**WHAT THIS TASK INVOLVES**:
Starting at the line that contains "Schnelle Erdbeben entstehen" and stopping after the line that contains "图为黄永恒博士(左)和他的学生Phani K. Peddi(右)领奖。", transcribe the listing below exactly; do not include any pictures.
RECORDS FOR THE EXERCISE START
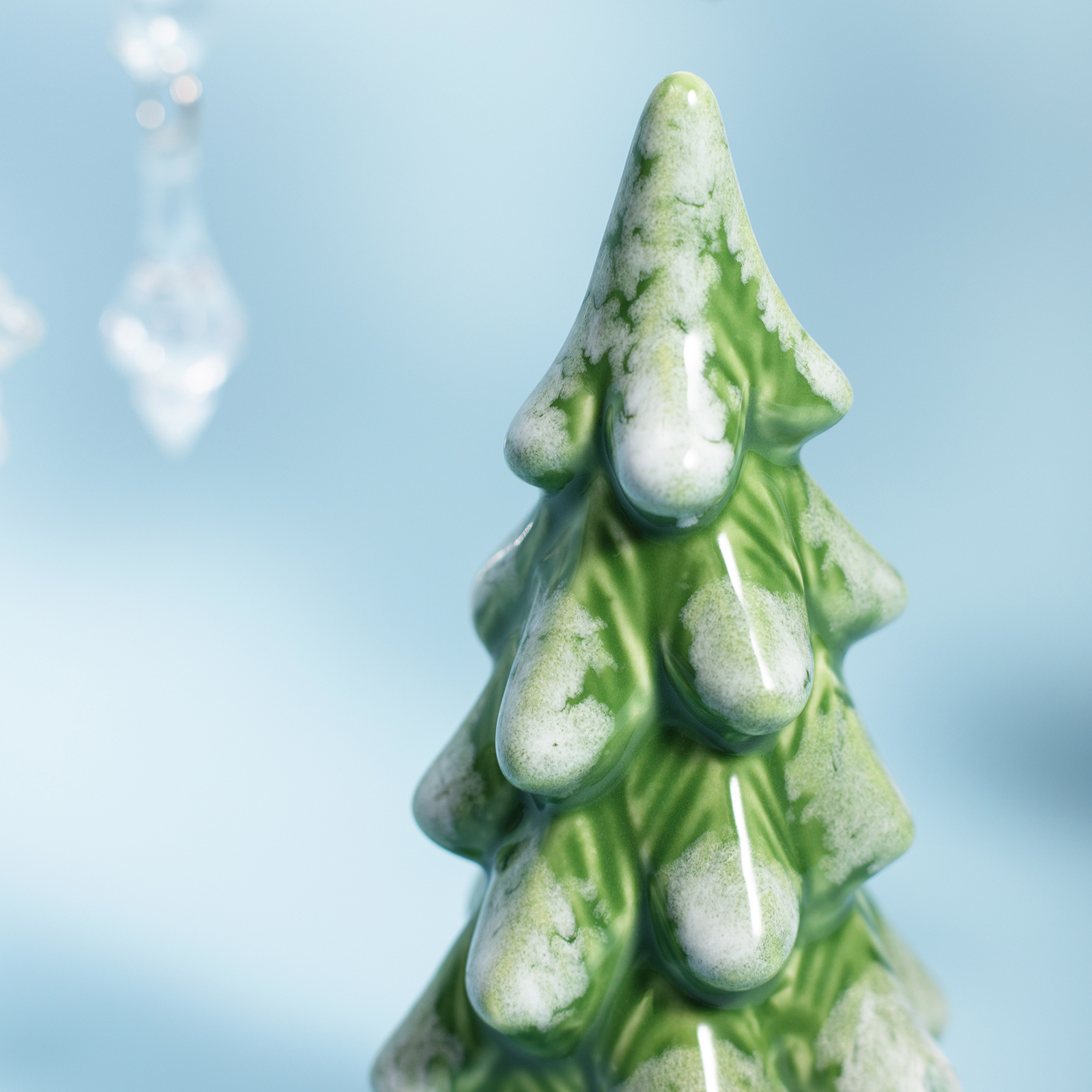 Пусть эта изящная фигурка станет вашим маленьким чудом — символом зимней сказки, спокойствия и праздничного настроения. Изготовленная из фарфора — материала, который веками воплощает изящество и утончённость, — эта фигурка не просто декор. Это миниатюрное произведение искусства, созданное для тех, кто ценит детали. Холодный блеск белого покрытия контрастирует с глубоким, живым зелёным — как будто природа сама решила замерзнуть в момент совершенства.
RECORDS FOR THE EXERCISE END
RECORDS FOR THE EXERCISE START
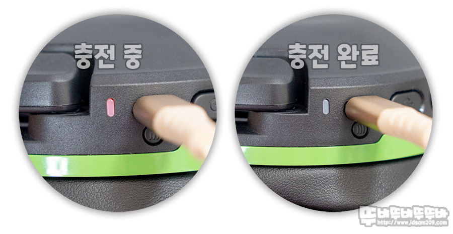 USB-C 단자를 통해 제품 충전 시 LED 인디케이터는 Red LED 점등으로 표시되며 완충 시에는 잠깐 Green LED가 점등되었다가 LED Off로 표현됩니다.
RECORDS FOR THE EXERCISE END
RECORDS FOR THE EXERCISE START
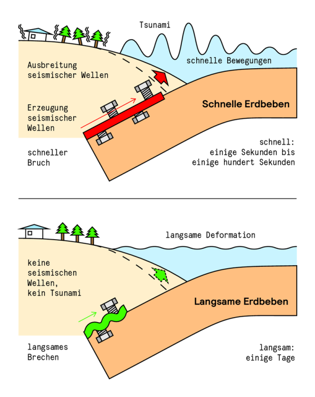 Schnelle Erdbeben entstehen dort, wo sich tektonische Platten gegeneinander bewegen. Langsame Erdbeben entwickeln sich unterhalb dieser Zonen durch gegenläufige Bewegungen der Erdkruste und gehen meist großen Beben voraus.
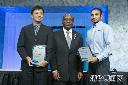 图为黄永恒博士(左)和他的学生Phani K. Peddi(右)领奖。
RECORDS FOR THE EXERCISE END
**EXERCISE RESULT**:
 Schnelle Erdbeben entstehen dort, wo sich tektonische Platten gegeneinander bewegen. Langsame Erdbeben entwickeln sich unterhalb dieser Zonen durch gegenläufige Bewegungen der Erdkruste und gehen meist großen Beben voraus.
 图为黄永恒博士(左)和他的学生Phani K. Peddi(右)领奖。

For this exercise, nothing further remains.